About this work
Schuman used to say that he wrote "eight symphonies numbered three through ten." He withdrew the first (1935) and second (1937), although both were performed in the New York area. Aaron Copland heard a broadcast of the Second Symphony, and in the pages of Modern Music anointed Schuman the "new composer of the year." Copland did more, however; he showed the work to one of his champions, Serge Koussevitzky, music director of the Boston Symphony Orchestra, who responded with a commission for Schuman's American Festival Overture (1939), with the stipulation "Now forget Roy Harris" (Schuman's counterpoint advisor during a summer session at the Juilliard School in 1936).
But the young composer was clever as well as gifted. He assimilated Harris' mastery of counterpoint -- made it, in fact, his signature. He also developed a polychordal vocabulary as structural undergirding for the rest of his career. He added complex rhythmic logic that moved his music at whatever speeds best suited the "message."
From the Third Symphony on, Schuman's musical vocabulary was uniquely personal and innately muscular. He was a "masculine" composer during a notably homosexual-oriented period in American music -- Griffes, Copland, Barber, Thomson, Blitzstein, Menotti, Diamond, and later, Bernstein.
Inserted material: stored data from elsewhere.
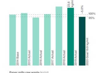 原材料的使用效率提高了前端节省成本、减少环境影响,降低垃圾处理费用。为了实现这些利益,我们有独立的制浆和造纸过程领域的目标。纸浆,我们有针对性的损失减少10%,到2020年,而对于造纸厂,我们建立了一个到2020年减少5%的目标。
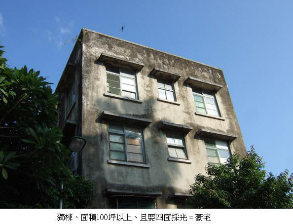 7月1日起台北市將開徵豪宅稅,可是課徵豪宅稅的豪宅,有嚴格定義,條件是:必須是獨棟、面積100坪以上、且要四面採光等,估計台北市只有1萬多戶,會開徵豪宅稅,但帝寶並不在課徵之列。
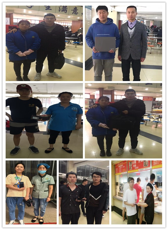 食堂管理服务科孔祥建科长说,食堂从业人员捡到钱包、手机、饭卡是常事,每每都是捡到物品及时上交,经确认后及时找到失主。截至目前学生食堂从业人员捡到笔记本电脑3台、钱包4个、手机42个、饭卡若干等,均悉数交还给失主,受到了学生的好评。食堂管理服务科对食堂职工拾金不昧的行为进行了通报表扬,号召全体职工以他们为榜样,争做社会主义核心价值观的信仰者、传播者、践行者。
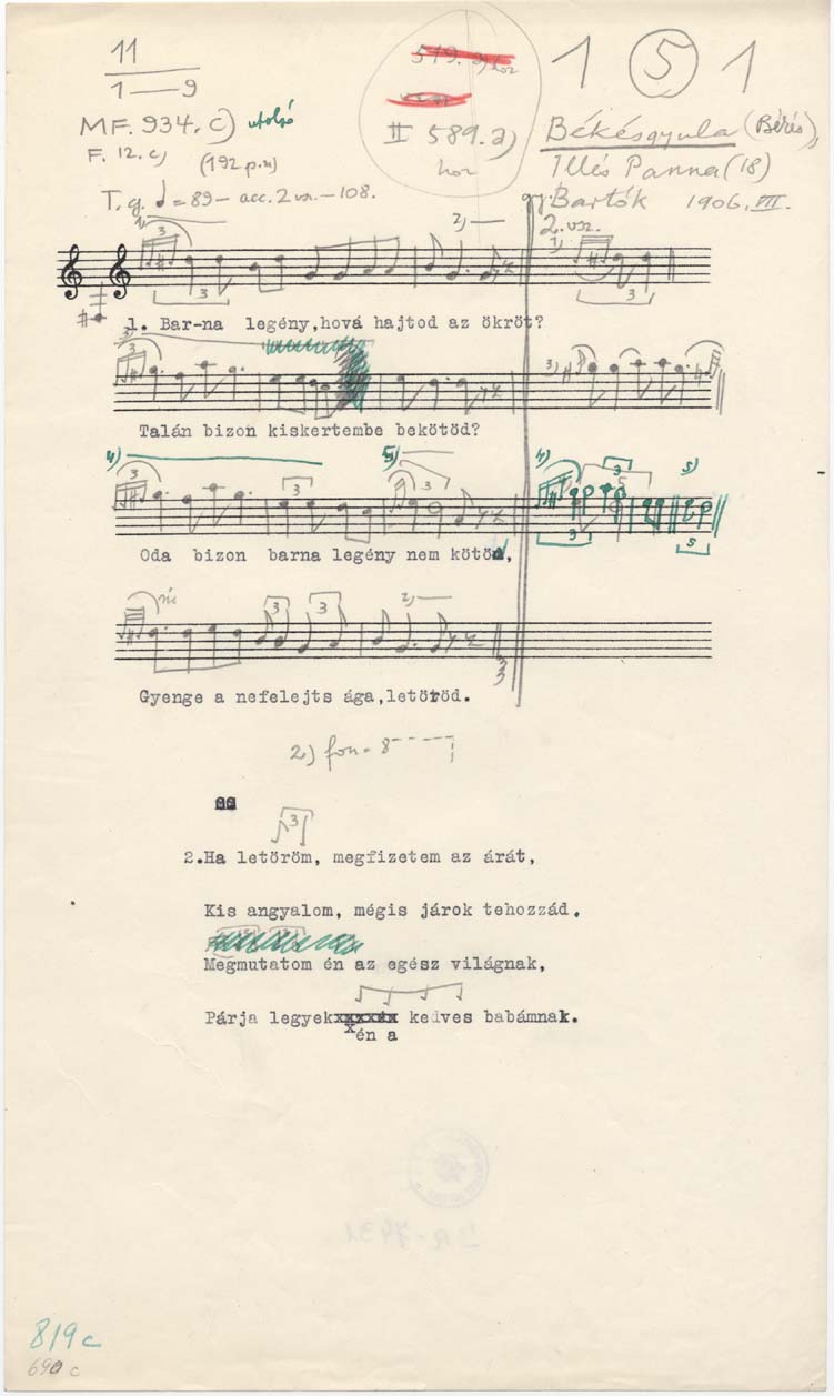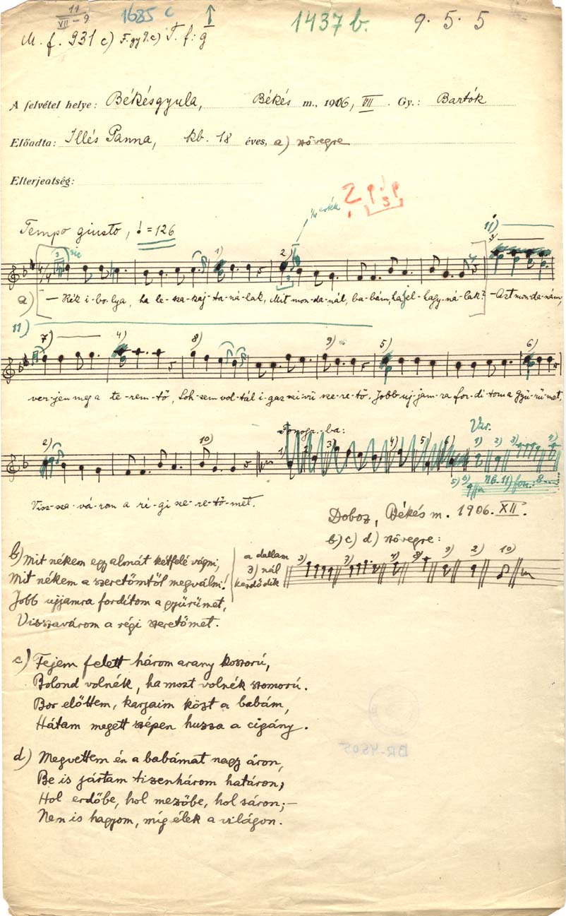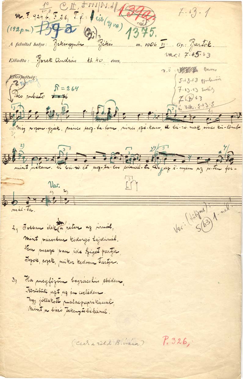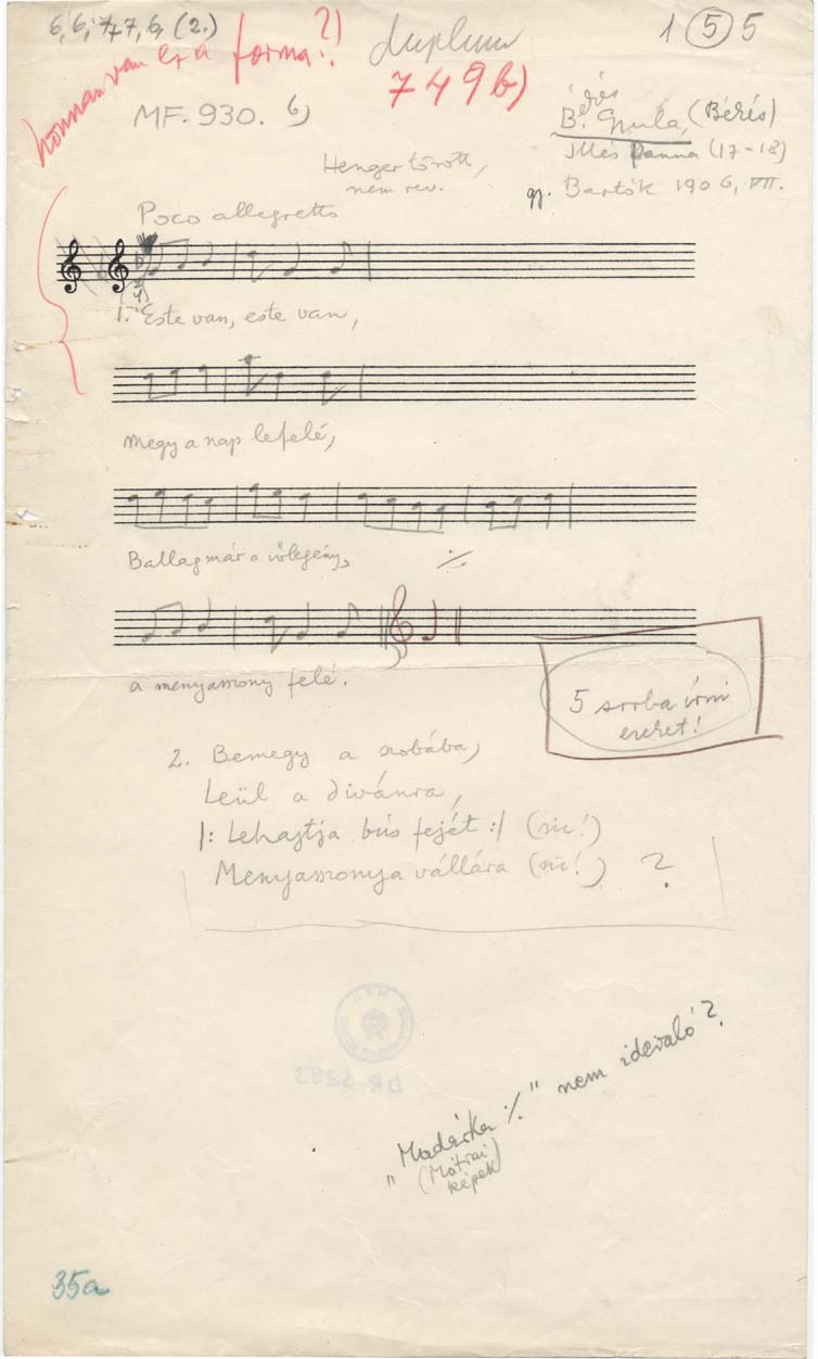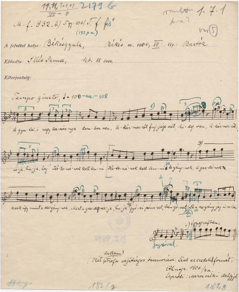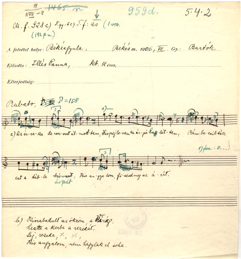 Részegesnek, csavargónak… MTA BTK Zenetudományi Intézet 1961.03.11 Bartók János Gyula Békés Demkó Józsefné Illés Panna   73 magyar
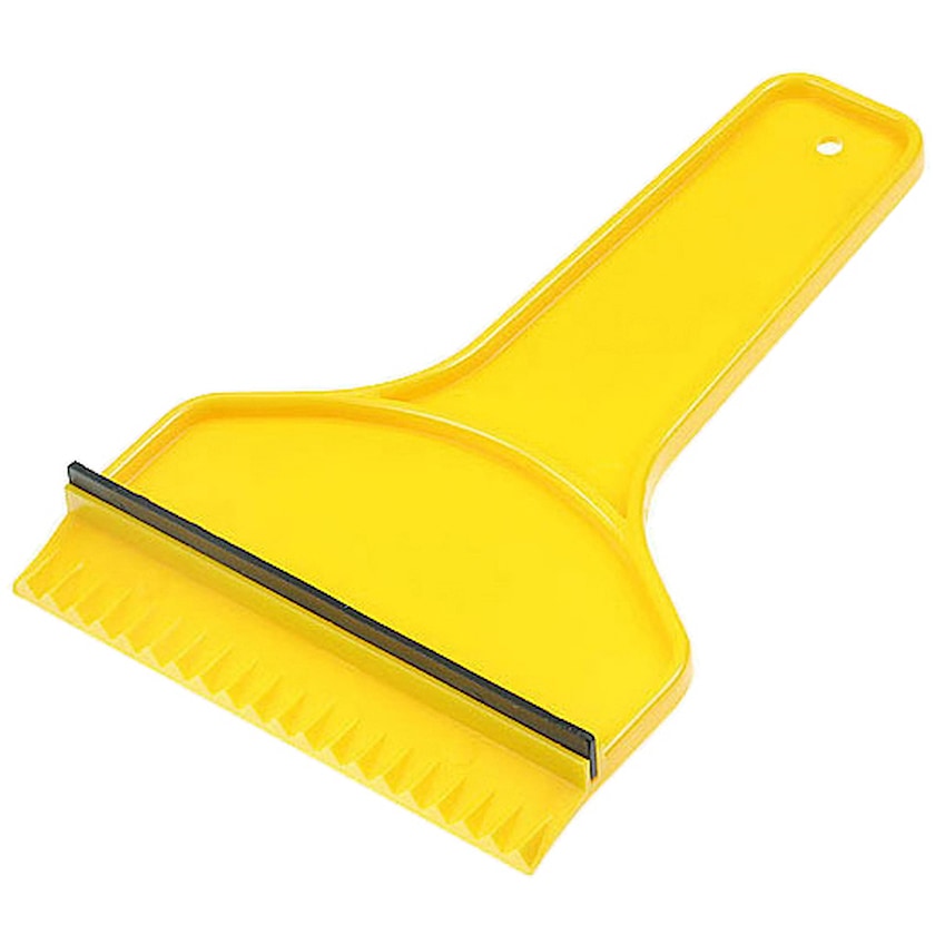 Isskrapa i plast med skönt grepp och gummilist.
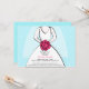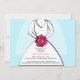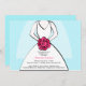 This invitation is designed for a 5x7 card and features a Blue background with small, subtle white polka dots, a bride figure carrying bright pink flowers, and space for fully customised text on both the front and back.
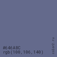 Цвет #646A8C в цветовой модели RGB обозначается тремя октетами (100, 106, 140) в десятичном формате и #646A8C в шестнадцатиричном (hex) формате, которые являются интенсивностью красного 100 (hex 64), интенсивность зелёного 106 (hex 6A) и интенсивность синего 140 (hex 8C).

Though not alone, Schuman was nonetheless in a sizable minority. His music was not without tenderness -- even gentleness, as in the Chorale that opens the second half of the neo-Baroque Third Symphony. He used consonance sparingly, and because of his abstinence, all the more effectively. He liked sevenths and fourths and minor ninths, polytonal clashes, harmonic and rhythmic surprises. Unlike Harris, whom he surpassed within a few years, Schuman knew how to make music move, and how to engender excitement in audiences.
No work is more characteristic than the Symphony No. 3, completed January 11, 1941, when he was 30, and premiered by Koussevitzky in Boston on October 17 of that year. Like Saint-Saëns' Symphony No. 3, it has two movements that subdivide into four. The work begins with a Passacaglia. Its seven-bar theme is repeated seven times, each appearance a half step higher than its predecessor, before Schuman gives free rein to his sense of fantasy. This leads to a fugue derived from the opening movement, again with each of four voices entering a half step higher than the last, followed by four variations for different choirs.
Part Two begins with a subdued 20-measure andantino chorale for strings before a solo trumpet sings one of Schuman's sweetest songs. This section builds to a climax of eloquent sonority before subsiding. Next, over a low, sustained B natural in the bassoons, the snare drum introduces a rhythmic pattern for the concluding toccata. The leggiero principal subject, played by a bass clarinet, derives from the original passacaglia, and then it's off to the races.
Midway, the action slows for a powerfully sonorous episode for solo cello followed by the rest of the section playing divisi. Thereafter the movement accelerates to a smashing, syncopated, emphatically tonal conclusion.